По вечерам здесь играют приглашенные группы и заезжие музыканты. Местные жители называют паб просто «Флетчер»: «Ты где? Я у Флетчера», «Подкатывай к Флетчеру» и т. д.

Согласно последней переписи населения (2007) в Кокермуте проживает 7787 человек. При этом в городке:

полторы дюжины традиционных британских пабов (с такими характерными местными названиями, как «Черный Бык», «Коричневая Корова» и «Серый Козел», не говоря уже о «Таверне Флетчер Кристиан») плюс с четверть сотни ресторанчиков, баров, кафе, чайных комнат и фаст-фудов, предлагающих — в том числе — итальянскую, индийскую и китайскую кухни;

семь небольших отелей и полтора десятка гостевых домов, так называемых B&B («би-энд-би», «bed and breakfast», что в дословном переводе с английского означает «кровать и завтрак»);

один музей, три арт-галереи, шесть церквей и около пяти десятков магазинчиков, маленьких и не очень.

Вы без труда найдете, где переночевать, где поесть, и на что посмотреть.
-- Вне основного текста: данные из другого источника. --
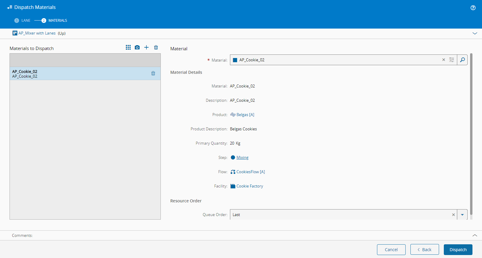 True, in this case a valid Lane of the Resource must be provided. - Materials are dispatched to the same Resource and Lane.
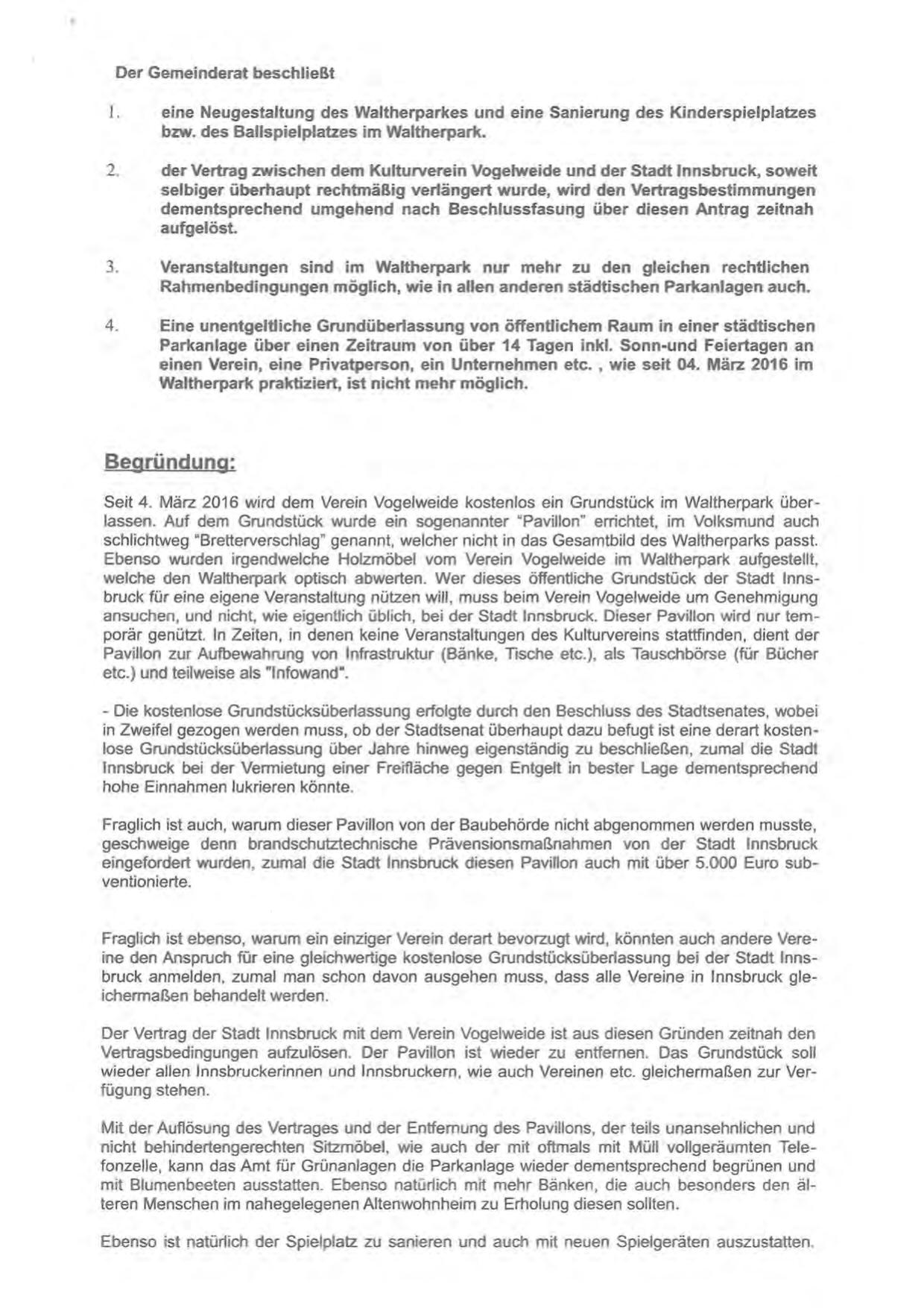 welche den Waltherpark optisch abwerten. Wer dieses öffentliche Grundstück der Stadt Innsbruck für eine eigene Veranstaltung nützen will, muss beim Verein Vogelweide um Genehmigung

Все это расположено на территории, сравнимой с площадью острова Питкэрн — не более 5 км2. Типичный английский провинциальный городок.

Среди особенных достопримечательностей Кокермута:

нормандский замок XIII века (в настоящее время — частная

собственность, и вход туда запрещен),

пивоварня «Дженнингс», с 1860 года производящая несколько сортов прекрасного эля,

и современный Озерный Центр Овечьей Шерсти (Lakeland Sheep and Wool Centre), где вы сможете не только полюбоваться скоростной стрижкой отборных овец, но и приобрести не знающий сноса свитер отменной местной вязки.

Кстати, как раз мимо этого Центра Шерсти и лежит путь из Кокермута в Мурланд Клоуз.

Если свернуть с Мэйн-стрит напротив Дома Уортсворта и двигаться на юг по трассе А5086, то буквально через километр городок закончится, и сразу после дорожной развязки с шоссе 66 начнется царство очаровательных жвачных и парнокопытных. За невысокой зеленой изгородью справа и слева от дороги раскинулись поля с сочной травой, и власть здесь почти всецело принадлежит величественным и вальяжным овцам.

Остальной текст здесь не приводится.